生信菜鸟团 » PPI

用R的bioconductor里面的stringDB包来做PPI分析

ulwvfje — Wed, 23 Nov 2016 11:37:37 +0000

PPI本质上是根据一系列感兴趣的蛋白质或者基因（可以是几百个甚至上千个）来去PPI数据库里面找到跟这系列蛋白质或者基因的相互作用关系！

本次的主角是stringDB，顾名思义用得是大名鼎鼎的string数据库，

paper见：https://www.ncbi.nlm.nih.gov/pmc/articles/PMC4383874/

本来还以为需要自己上传自己的基因给这个数据库去做分析，没想到他们也开发了R包，主页见： http://www.bioconductor.org/packages/release/bioc/html/STRINGdb.html 而我比较喜欢用编程来解决问题，所以就学了一下这个包，非常好用！

它只需要一个3列的data.frame，分别是logFC,p.value,gene ID,就是标准的差异分析的结果。

然后用string_db$map函数给它加上一列是 string 数据库的蛋白ID，然后用string_db$add_diff_exp_color函数给它加上一列是color。

用string_db$plot_network函数画网络图，只需要 string 数据库的蛋白ID，如果需要给蛋白标记不同的颜色，需要用string_db$post_payload来把color对应到每个蛋白，然后再画网络图。

也可以直接用get_interactions函数得到所有的PPI数据，然后写入到本地，再导入到cytoscape进行画图

还以几个小功能，对我可能没什么用，但是比较适合初学者，仅仅根据string 数据库的蛋白ID就可以做GO/KEGG的enrichment分析啦，还可以查找两个蛋白的interaction呀，还有两个蛋白直接相互作用的paper呀，还有找某个蛋白在其它物种的同源蛋白呀！

软件运行中需要下载以下文件，悲催的是每次都在下载，很坑呀！因为它默认把这些文件存储在电脑的临时文件夹里面！

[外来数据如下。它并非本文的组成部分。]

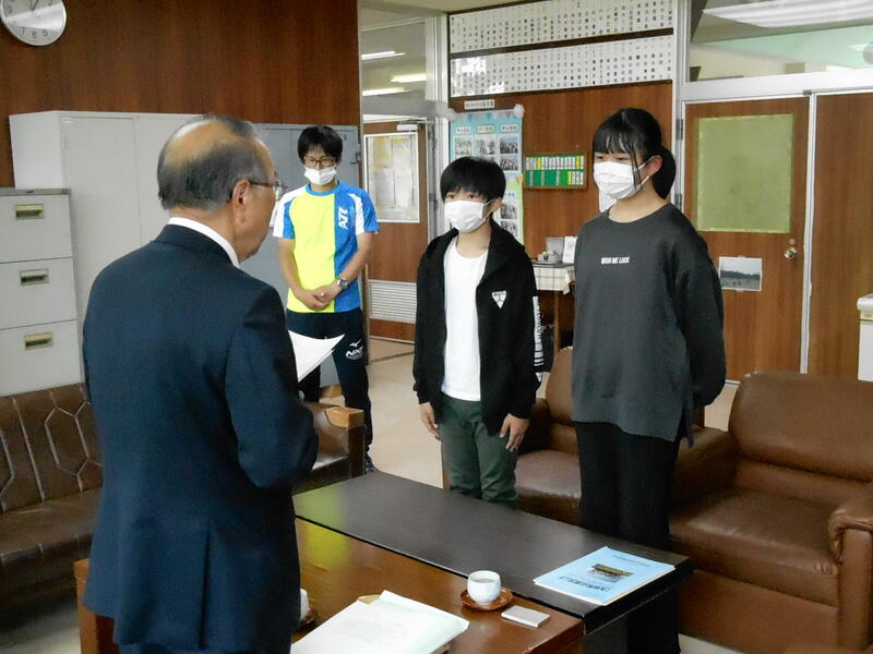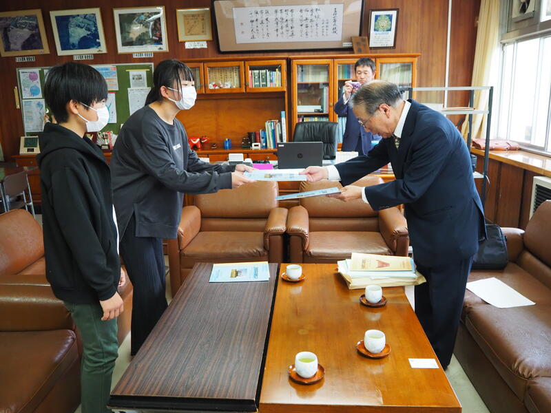 児童代表として,6年生の内藤一颯さんと菊地陽音さんが贈呈を受けました。

所有的网络图本质上是基于iGraph的深度定制，包括后面的cluster方法，还有可能要结合cytoscape的MCODE插件来找hub基因

基本上只需要把下面的代码运行一遍，就明白了：http://www.bioconductor.org/packages/release/bioc/vignettes/STRINGdb/inst/doc/STRINGdb.R

library(STRINGdb)

## 整个包不是用roxygen2来写帮助文档的，而且自己把所有函数放在了string_db对象里面，用$符合来调用各个函数，也可以查看函数的帮助文档！

## 首先选定物种及数据库的版本！

string_db <- STRINGdb$new( version="10", species=9606,

score_threshold=0, input_directory="" )

###################################################

### code chunk number 3: help

###################################################

STRINGdb$methods() # To list all the methods available.

STRINGdb$help("get_graph") # To visualize their documentation.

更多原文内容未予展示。